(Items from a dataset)
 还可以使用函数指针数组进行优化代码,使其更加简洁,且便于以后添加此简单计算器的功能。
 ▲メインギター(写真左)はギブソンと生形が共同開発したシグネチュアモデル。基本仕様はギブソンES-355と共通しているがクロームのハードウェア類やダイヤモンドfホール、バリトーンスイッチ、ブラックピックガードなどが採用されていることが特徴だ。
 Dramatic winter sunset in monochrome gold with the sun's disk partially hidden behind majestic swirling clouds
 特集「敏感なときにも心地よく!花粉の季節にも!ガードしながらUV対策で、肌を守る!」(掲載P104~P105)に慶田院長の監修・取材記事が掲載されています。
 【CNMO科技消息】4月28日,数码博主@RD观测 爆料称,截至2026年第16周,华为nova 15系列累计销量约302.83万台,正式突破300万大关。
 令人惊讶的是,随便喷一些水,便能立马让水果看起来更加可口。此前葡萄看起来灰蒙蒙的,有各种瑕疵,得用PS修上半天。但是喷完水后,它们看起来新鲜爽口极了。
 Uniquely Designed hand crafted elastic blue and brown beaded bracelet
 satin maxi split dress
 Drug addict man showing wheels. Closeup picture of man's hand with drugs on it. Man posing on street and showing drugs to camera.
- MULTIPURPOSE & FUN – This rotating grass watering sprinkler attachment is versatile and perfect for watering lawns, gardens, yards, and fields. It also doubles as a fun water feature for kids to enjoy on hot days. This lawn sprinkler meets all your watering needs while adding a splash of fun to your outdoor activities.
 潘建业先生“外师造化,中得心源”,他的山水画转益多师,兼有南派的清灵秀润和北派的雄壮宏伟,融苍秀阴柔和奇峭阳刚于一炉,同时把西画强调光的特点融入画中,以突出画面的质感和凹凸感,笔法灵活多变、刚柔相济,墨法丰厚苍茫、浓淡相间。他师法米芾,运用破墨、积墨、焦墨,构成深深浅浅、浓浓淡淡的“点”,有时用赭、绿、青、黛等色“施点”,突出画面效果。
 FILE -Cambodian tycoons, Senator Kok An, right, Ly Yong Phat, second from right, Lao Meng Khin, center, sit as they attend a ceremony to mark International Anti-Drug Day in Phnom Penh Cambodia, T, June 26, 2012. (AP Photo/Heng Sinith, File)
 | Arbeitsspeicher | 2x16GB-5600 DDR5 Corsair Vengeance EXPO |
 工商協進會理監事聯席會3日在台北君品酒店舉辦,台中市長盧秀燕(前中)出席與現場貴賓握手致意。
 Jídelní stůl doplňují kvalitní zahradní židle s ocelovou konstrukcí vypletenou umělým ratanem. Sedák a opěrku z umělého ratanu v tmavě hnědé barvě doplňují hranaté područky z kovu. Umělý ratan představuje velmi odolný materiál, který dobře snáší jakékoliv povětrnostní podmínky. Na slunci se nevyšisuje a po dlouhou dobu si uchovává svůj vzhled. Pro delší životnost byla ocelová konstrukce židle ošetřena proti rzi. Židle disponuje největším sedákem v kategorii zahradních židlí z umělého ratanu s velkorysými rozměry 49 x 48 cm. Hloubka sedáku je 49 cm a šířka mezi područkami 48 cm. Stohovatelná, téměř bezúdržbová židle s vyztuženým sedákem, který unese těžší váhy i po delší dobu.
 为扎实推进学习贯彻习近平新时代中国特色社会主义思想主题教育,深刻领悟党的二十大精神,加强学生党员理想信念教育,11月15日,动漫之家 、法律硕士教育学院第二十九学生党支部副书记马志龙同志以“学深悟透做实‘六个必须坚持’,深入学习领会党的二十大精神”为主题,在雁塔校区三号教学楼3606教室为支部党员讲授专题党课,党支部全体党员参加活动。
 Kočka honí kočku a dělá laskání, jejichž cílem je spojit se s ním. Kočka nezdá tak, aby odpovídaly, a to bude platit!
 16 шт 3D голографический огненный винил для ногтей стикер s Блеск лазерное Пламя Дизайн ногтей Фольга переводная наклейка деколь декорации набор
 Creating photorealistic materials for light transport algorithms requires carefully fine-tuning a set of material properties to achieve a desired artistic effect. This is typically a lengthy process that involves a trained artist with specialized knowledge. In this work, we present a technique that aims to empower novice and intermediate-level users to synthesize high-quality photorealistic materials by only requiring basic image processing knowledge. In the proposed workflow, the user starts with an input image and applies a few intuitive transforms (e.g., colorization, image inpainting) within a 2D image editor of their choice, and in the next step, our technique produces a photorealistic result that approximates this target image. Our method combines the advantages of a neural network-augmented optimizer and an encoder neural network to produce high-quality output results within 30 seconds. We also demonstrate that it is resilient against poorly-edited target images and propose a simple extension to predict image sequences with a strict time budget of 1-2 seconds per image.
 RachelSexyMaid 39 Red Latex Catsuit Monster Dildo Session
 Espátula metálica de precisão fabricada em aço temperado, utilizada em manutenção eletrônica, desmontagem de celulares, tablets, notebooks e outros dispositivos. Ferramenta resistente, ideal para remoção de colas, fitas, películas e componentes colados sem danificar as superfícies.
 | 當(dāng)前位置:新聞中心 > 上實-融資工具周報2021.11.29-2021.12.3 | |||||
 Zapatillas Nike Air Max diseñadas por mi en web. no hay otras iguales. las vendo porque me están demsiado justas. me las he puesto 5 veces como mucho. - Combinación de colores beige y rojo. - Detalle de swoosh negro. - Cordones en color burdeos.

### [YOUR OBJECTIVE]
Copy every line of the records above that contains "also".

### [EXPECTED ANSWER]
- MULTIPURPOSE & FUN – This rotating grass watering sprinkler attachment is versatile and perfect for watering lawns, gardens, yards, and fields. It also doubles as a fun water feature for kids to enjoy on hot days. This lawn sprinkler meets all your watering needs while adding a splash of fun to your outdoor activities.
 Creating photorealistic materials for light transport algorithms requires carefully fine-tuning a set of material properties to achieve a desired artistic effect. This is typically a lengthy process that involves a trained artist with specialized knowledge. In this work, we present a technique that aims to empower novice and intermediate-level users to synthesize high-quality photorealistic materials by only requiring basic image processing knowledge. In the proposed workflow, the user starts with an input image and applies a few intuitive transforms (e.g., colorization, image inpainting) within a 2D image editor of their choice, and in the next step, our technique produces a photorealistic result that approximates this target image. Our method combines the advantages of a neural network-augmented optimizer and an encoder neural network to produce high-quality output results within 30 seconds. We also demonstrate that it is resilient against poorly-edited target images and propose a simple extension to predict image sequences with a strict time budget of 1-2 seconds per image.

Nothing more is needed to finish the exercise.